Again, this takes no more than \(\mbox{log}_{2} 340\) multiplications. Thus altogether, for a number \(x\) and a computation in base \(b\), this takes on the order of \(2 \mbox{log}_{b} x\) multiplications plus \(\mbox{log}_{b} x\) divisions. For large numbers, this is much more efficient than the \(\sqrt{x}\) of the naive method.

The drawback is that we can get false positives.

Some numbers pass all tests to every base and are still composite. These are called Carmichael numbers. The smallest Carmichael number is 561. It has been proved [7] that there are infinitely many of them.

The smallest pseudoprime is \(341\), because \(2^{340} = _{341} 1\) while \(341 = 11 \cdot 31\). In this case, one can still show that \(341\) is not a prime by using a different base \(3^{340} = _{341} 56\). By Fermat's little theorem, \(341\) cannot be prime.

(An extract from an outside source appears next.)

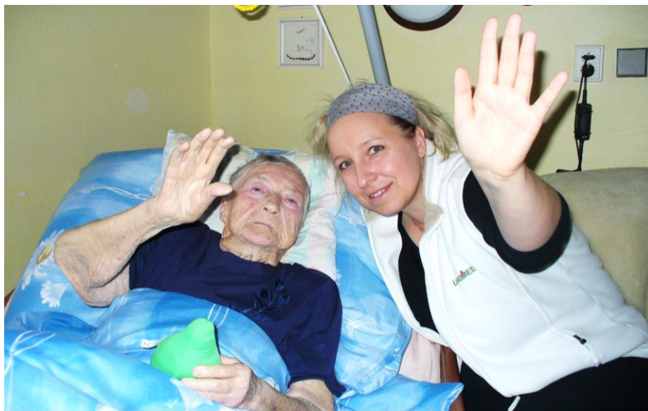
Pomocná ruka charitní ošetrovatelky v domácí hospicové péči.

V české společnosti jsou rozhovory o smrti stále ještě do jisté míry tabu. O posledních věcech člověka se bojíme mluvit, abychom se nerouhali, nebo proto, že na to máme ještě čas. A když s námi chce o smrti mluvit blízký člověk,

The reason that the method sketched here is still useful is that pseudoprime are very much rarer than primes. The number below \(2.5 \cdot 10^{10}\) contain on the order of \(10^{9}\) primes. At the same time, this set contains only \(21853\) pseudoprimes to the prime \(2\). There are only \(1770\) integers below \(2.5 \cdot 10^{10}\) that are pseudoprime to the base \(2, 3, 5\), and \(7\). Thus if a number passes these four tests, it is overwhelmingly likely that it is a prime.